#### PROVIDED DATA
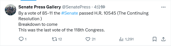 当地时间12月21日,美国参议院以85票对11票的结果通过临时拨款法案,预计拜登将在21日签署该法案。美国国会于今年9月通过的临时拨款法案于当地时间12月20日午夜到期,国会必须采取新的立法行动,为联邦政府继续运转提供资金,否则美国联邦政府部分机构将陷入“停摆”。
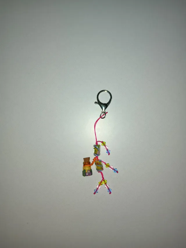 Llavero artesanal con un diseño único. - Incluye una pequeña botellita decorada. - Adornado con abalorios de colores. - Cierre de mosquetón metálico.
########
#### PROVIDED DATA
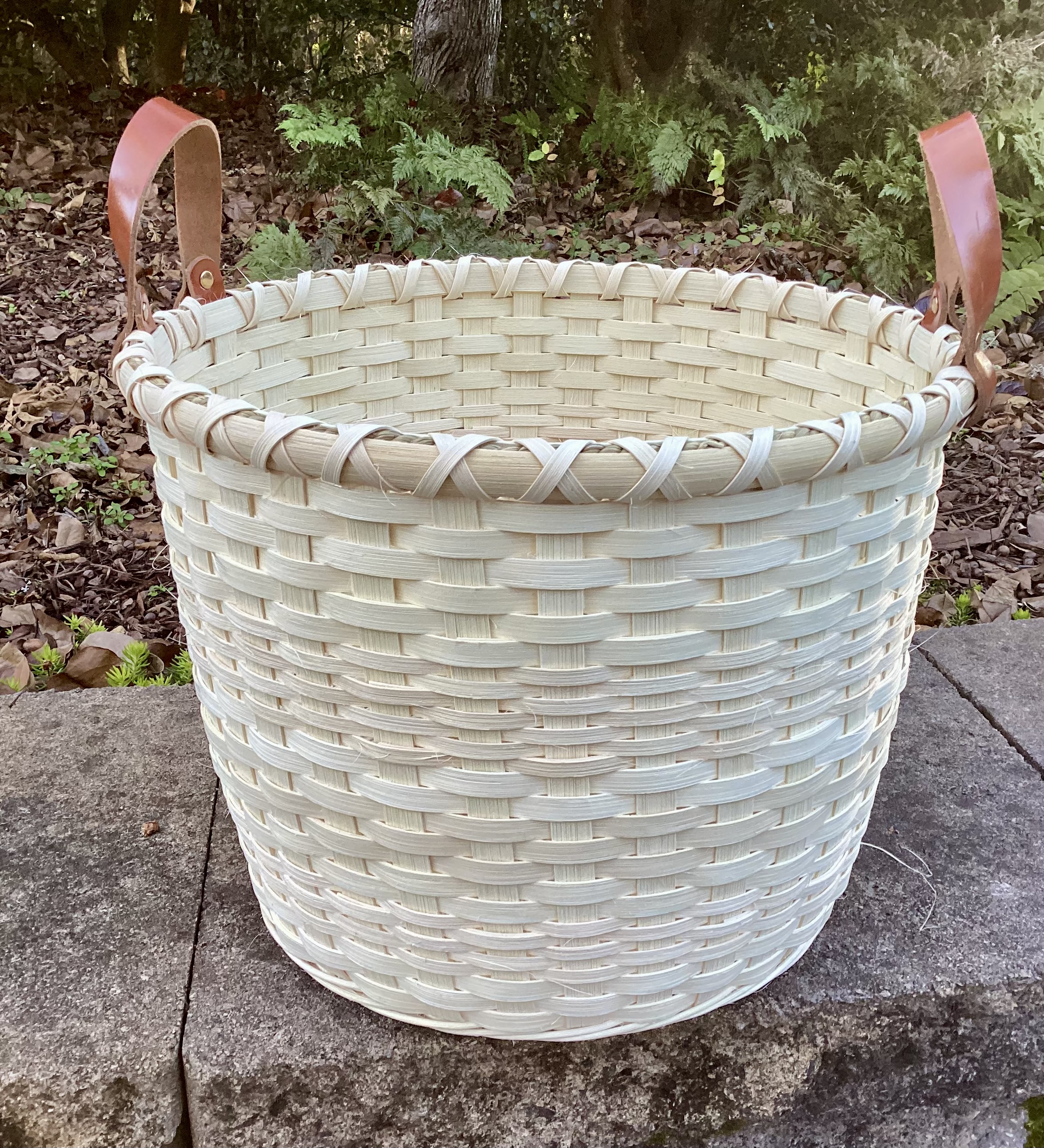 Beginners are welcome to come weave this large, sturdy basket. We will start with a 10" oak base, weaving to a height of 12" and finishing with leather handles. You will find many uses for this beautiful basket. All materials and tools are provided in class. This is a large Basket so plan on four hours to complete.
########
With the pictures left out, write out exactly the lines above from the one containing "当地时间12月21日,美国参" through the one containing "Llavero artesanal con".

**ANSWER TO THE PROBLEM:**
 当地时间12月21日,美国参议院以85票对11票的结果通过临时拨款法案,预计拜登将在21日签署该法案。美国国会于今年9月通过的临时拨款法案于当地时间12月20日午夜到期,国会必须采取新的立法行动,为联邦政府继续运转提供资金,否则美国联邦政府部分机构将陷入“停摆”。
 Llavero artesanal con un diseño único. - Incluye una pequeña botellita decorada. - Adornado con abalorios de colores. - Cierre de mosquetón metálico.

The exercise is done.